AWS VPC Troubleshooting: Intermittent Outgoing Network Connection Failures

Troubleshooting Intermittent Outgoing Network Connection Failures in AWS VPC

Prev Question Next Question

Question

Your organization had setup a VPC with CIDR range 10.10.0.0/16

There are total 100 subnets within the VPC and are being actively used by multiple application teams.

An application team who is using 50 EC2 instances in subnet 10.10.55.0/24 complains there are intermittent outgoing network connection failures for around 30 random EC2 instances in a given day.

How would you troubleshoot issue with minimal configuration and minimal logs written?

Answers

Explanations

Click on the arrows to vote for the correct answer

A. B. C. D.

Answer: C.

VPC Flow Logs captures IP traffic going to and from network interfaces in your VPC.

Flow log data is stored using Amazon CloudWatch Logs.

After you've created a flow log, you can view and retrieve its data in Amazon CloudWatch Logs.

You can create a flow log for a VPC, a subnet, or a network interface.

https://docs.aws.amazon.com/AmazonVPC/latest/UserGuide/flow-logs.html#flow-logs-basics

VPC Flow Logs capture following information and logs them to CloudWatch logs,

version account-id interface-id srcaddr dstaddr srcport dstport protocol packets bytes start end action log-status.

Find more information about each record here.

https://docs.aws.amazon.com/AmazonVPC/latest/UserGuide/flow-logs.html#flow-log-records

For option A, although creating a flow log for entire VPC would work, it captures lot of unrequired information from rest 99 subnets and finding out the affected EC2 instances from CloudWatch logs would become really troublesome.

For Option B, creating flow log at each EC2 network interface would work, but it takes log of configuration and time consuming trial and error troubleshooting.

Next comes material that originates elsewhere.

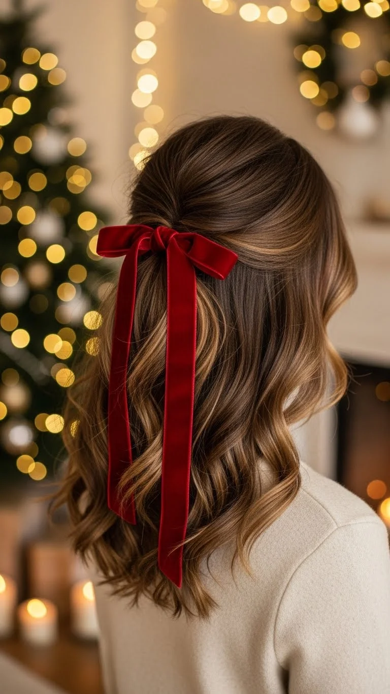 Gather the top half of your hair and secure it with a small elastic. Wrap a velvet ribbon around the base and tie a short bow. Velvet adds holiday charm without much effort. Keep the bow slightly off-center for a relaxed feel. If your hair is fine, tease the crown lightly before pulling it back. This adds shape without needing extra products. You can curl the loose bottom section for texture or keep it straight for a cleaner look. Velvet ribbons from craft stores cost very little, and you can cut them to your perfect length. For a fun touch, choose ribbons that match your outfit or gift wrap theme. Simple, cute, and perfect for last-minute styling.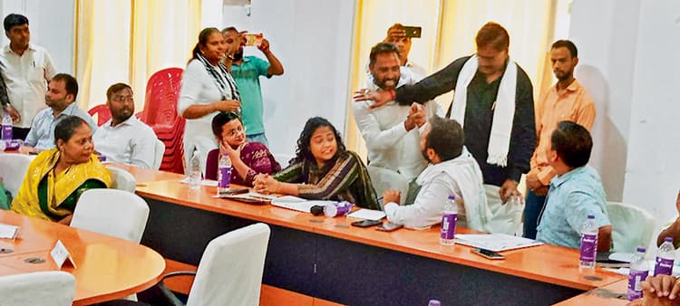 पिछली बैठक में दिये गये एजेंडों का संतोषजनक उत्तर नहीं मिलने पर सदस्यों ने बिजली, शिक्षा, पशुपालन, लोक स्वास्थ्य अभियंत्रण समेत कई विभागों के अधिकारियों पर मनमानी का आरोप लगाया और कार्रवाई की मांग की. डीडीसी ने स्पष्टीकरण देते हुए बताया कि अधिकतर अधिकारी पितृपक्ष मेला को लेकर आयोजित डीएम की बैठक में शामिल थे.अवैध वसूली का मामला उठा, अधिकारी पर हमला होते-होते बचाबैठक के दौरान कुंदन कुमार ने कृषि कनेक्शन देने के नाम पर संवेदक द्वारा तीन से पांच हजार रुपये तक अवैध वसूली का आरोप लगाया. संबंधित विभाग के अधिकारी ने जवाब में कहा कि घूस क्यों दी गयी, शिकायत क्यों नहीं की? इस पर बहस बढ़ गयी और अमर्यादित भाषा का प्रयोग शुरू हो गया. स्थिति तब बिगड़ गयी जब अध्यक्ष और उपाध्यक्ष के निजी सहायकों सहित कई सदस्य अधिकारी की कुर्सी तक पहुंच गये और मारपीट की नौबत आ गयी. बीच-बचाव के बाद मामला शांत हुआ, लेकिन दो अधिकारियों को बैठक से बाहर कर दिया गया.बिजली विभाग के दो अधिकारी किये गये बाहर

For Option C, creating a flow log for the subnet would capture just the traffic going in and out of the subnet.

This would help us identify the network trace for the affected EC2 instances and find out the root cause in timely manner.

The best option to troubleshoot the network connection issue with minimal configuration and minimal logs written is option A, which is to create a flow log for the VPC and filter the logs in CloudWatch log group.

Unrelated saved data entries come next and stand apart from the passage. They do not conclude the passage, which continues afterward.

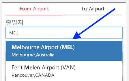 ☞ 픽업지 -> 멜버른 도시 이름 Melbourne 혹은 공항코드 MEL 복사 붙여넣기
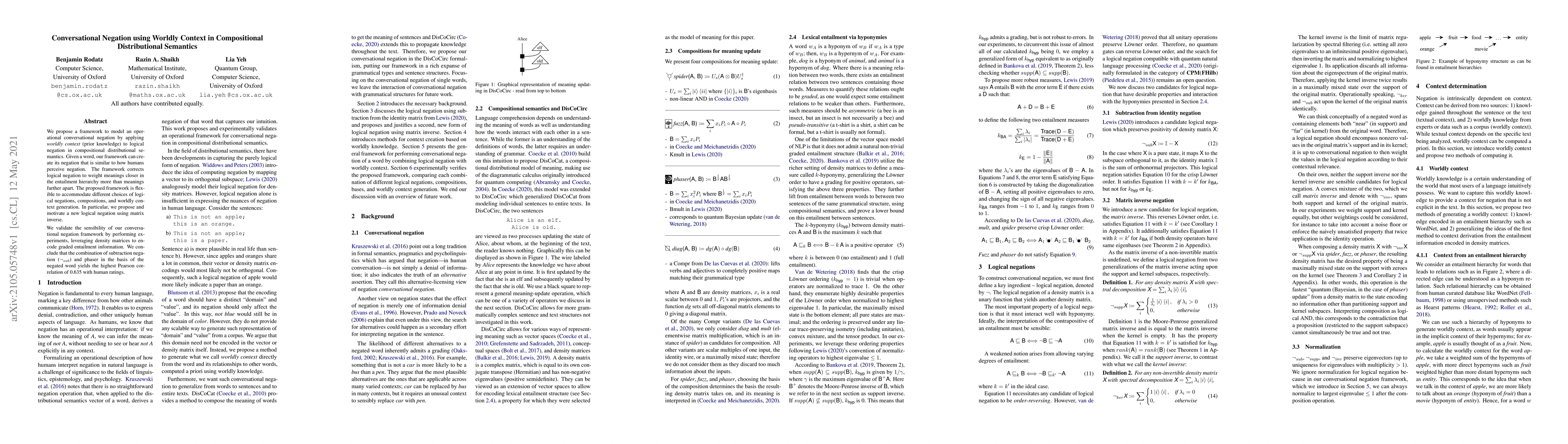 This paper proposes a framework for conversational negation in compositional distributional semantics, utilizing worldly context to model human-like negation. The framework employs matrix inverse for logical negation and achieves a Pearson correlation of 0.635 with human ratings, demonstrating its effectiveness.
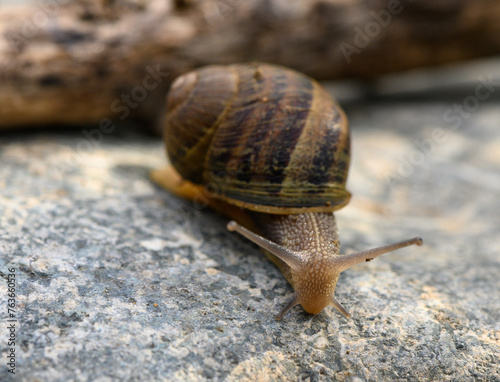 Big snail in shell crawling on road 2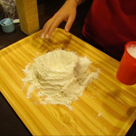 In un bicchiere di acqua TIEPIDA sciogliere il lievito e unire il composto al centro della fontana. Unire anche l'olio e cominciare ad impastare.
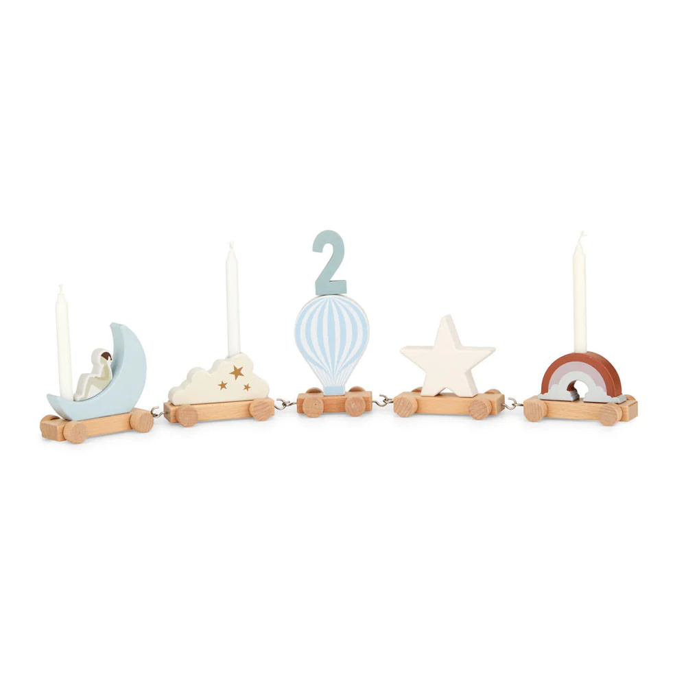 Een prachtige verjaardagstrien Dreamland van het Deense merk Cam Cam Copehangen. Vier de speciale dag van je kind met deze charmante FSC-gecertificeerde verjaardagstrein. De trein is gemaakt van mooi hout en geverfd met natuurlijke verfstoffen. Hij is voorzien van vijf iconische Cam Cam-elementen uit het geliefde Dreamland-thema: een ster, een wolk, een regenboog, een maan met een kind erop en een luchtballon. Verbind de onderdelen met metalen haken om elk jaar een unieke opstelling te creëren.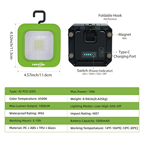 [Luminosità eccellente e 3 modalità di illuminazione] La luce da lavoro portatile Tekstap 10W ha 54 LED con un flusso luminoso di 1000 lumen. Sono disponibili 3 modalità per soddisfare le tue diverse esigenze: bassa luminosità, alta luminosità e modalità di sfarfallio SOS. Funzionamento semplice, l'orario di lavoro continuo in modalità ad alta luminosità (100% di luminosità) è di circa 5 ore e in modalità a bassa luminosità (30% di luminosità) di circa 10 ore.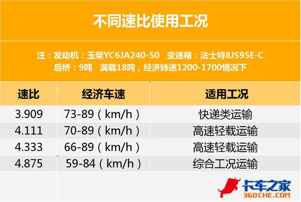 这样针对性的搭配设计既可以保证车辆在巡航时速下的整体燃油经济性,又能保障车辆在不同工况下都能够有充足的动力输出。另外,江淮官方也给出了不同后桥速比所对应的经济车速、适用工况的参考,大家可以根据自己的细分市场以及工况来进行选择。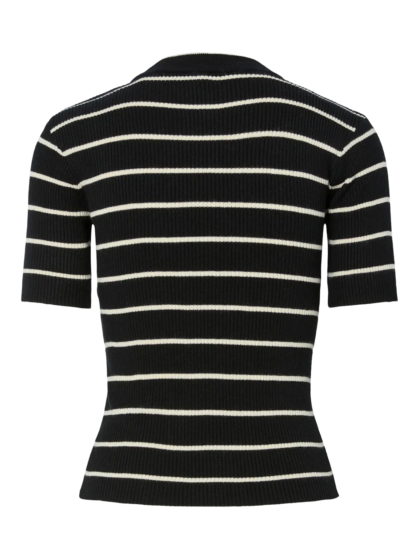 Dzianinowy top marki Pieces z czarnymi i jasnymi paskami. Top ma krótkie rękawy i okrągły dekolt.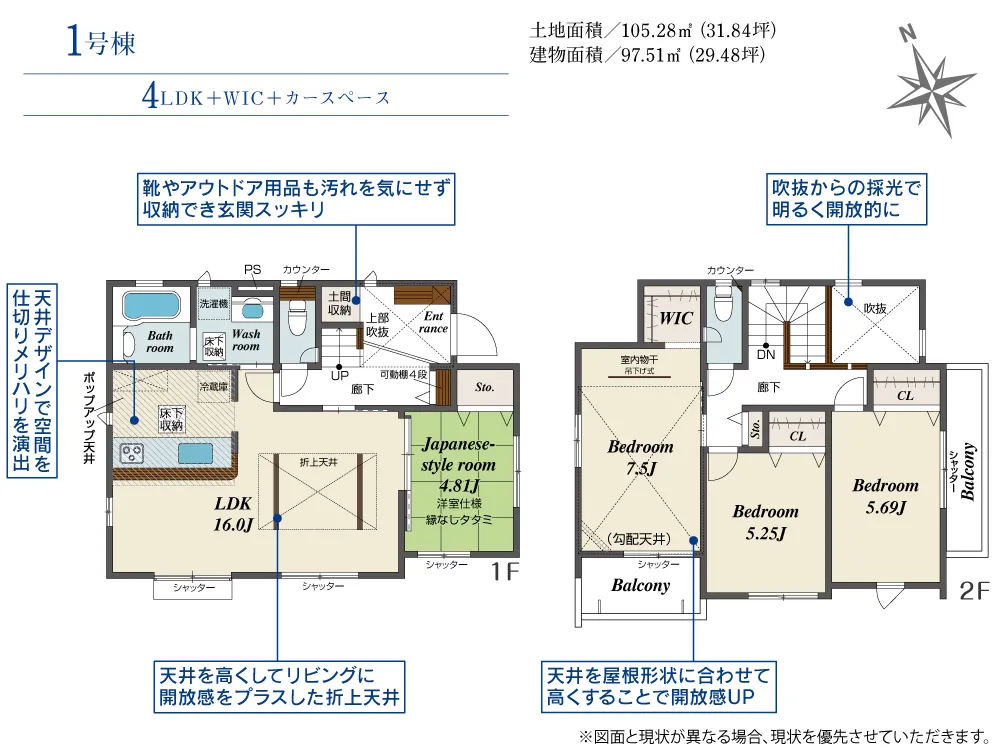 | 土地面積 | 105.27~105.28m² | 建物面積 | 95.11~97.51㎡ |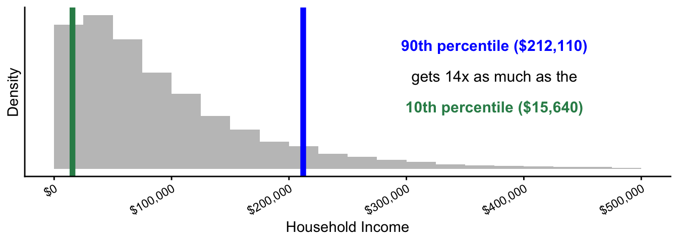 There are two summary statistics: the 90th percentile in blue and the 10th percentile in green. The 90th percentile is the income value such that 90% of households have incomes that are lower. 90% of the gray mass is to the left of the blue line. The 10th percentile is the income value such that 10% of households have incomes that are lower. We can think of the 90th percentile as a measure of a high income in the distribution and the 10th percentile as a measure of a low income in the distribution.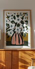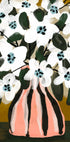 Een stoer en elegant bloemenstilleven met witte bloemen in een gestreepte roze vaas. Met vintage-geïnspireerde charme en pastelkleuren balanceert het kunstwerk een moderne grafische stijl met botanische zachtheid, perfect als decoratie in moderne en stijlvolle interieurs.

A flow log captures information about the IP traffic going to and from network interfaces in a VPC. By creating a flow log for the VPC, we can capture the traffic flow information for all the subnets within the VPC, including the subnet 10.10.55.0/24 where the EC2 instances are located. This allows us to see the network traffic flow and detect any anomalies or issues.

By filtering the flow log in the CloudWatch log group, we can search for the specific traffic flow related to the EC2 instances in subnet 10.10.55.0/24 that are experiencing the intermittent outgoing network connection failures. With the flow log, we can see if there are any issues with the traffic flow, such as a high number of rejected packets or dropped connections. This information can help identify the root cause of the issue.

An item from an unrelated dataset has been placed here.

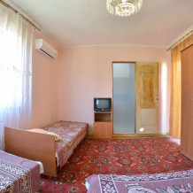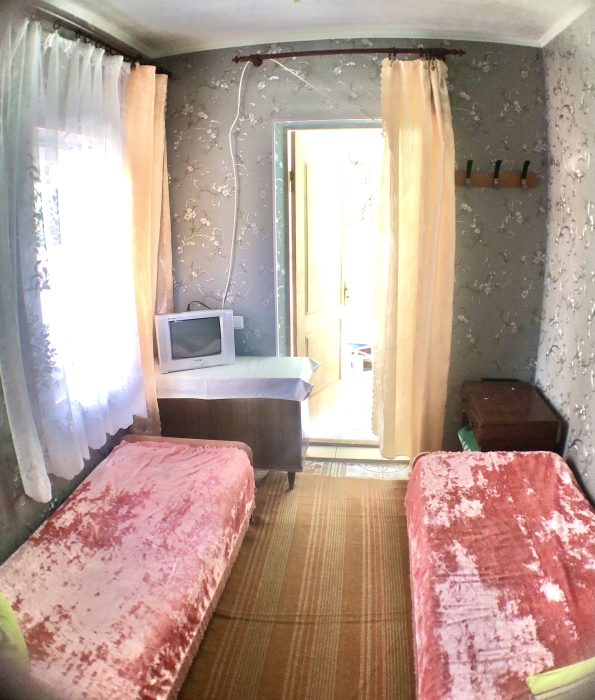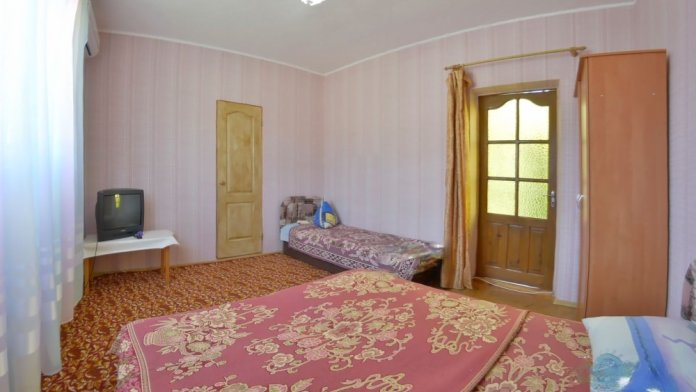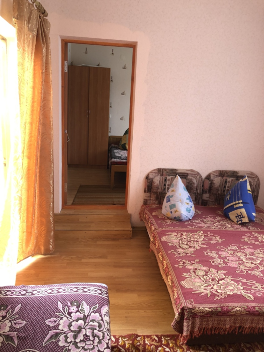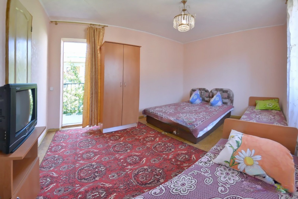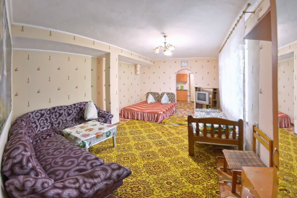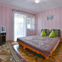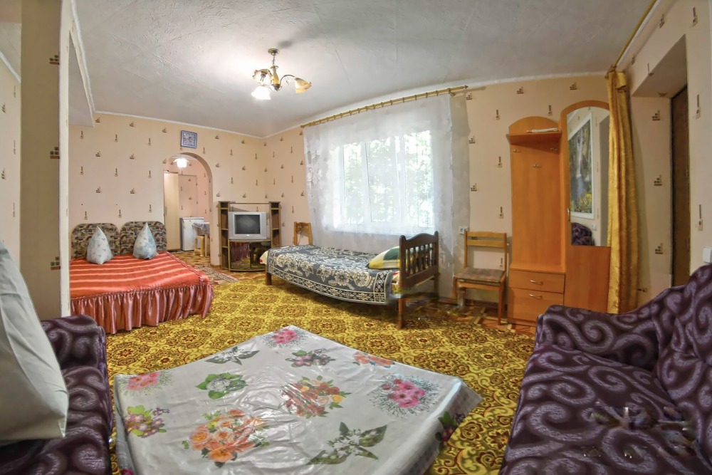 Просторный двухкомнатный номер, для семьи или компании. Отдельно спальня с двуспальной кроватью и вторая комната для троих человек. Одна большая кухня на два номера с полным комплектом кухонных принадлежностей. Номер находится на втором этаже гостевого дома. В номере: кабельное ТВ,WiFi, кондиционер, санузел.

Option B, which is to create flow logs for each EC2 instance network interface one by one, is not recommended as it is time-consuming and resource-intensive. It is also not practical for troubleshooting network issues on a large scale.

Option C, which is to create a flow log for subnet 10.10.55.0/24, only captures traffic flow information for that specific subnet. This may not provide enough context to identify the root cause of the issue, as the issue may be caused by traffic flow from other subnets within the VPC.

Therefore, the best option for troubleshooting the intermittent outgoing network connection failures is to create a flow log for the VPC and filter the logs in CloudWatch log group.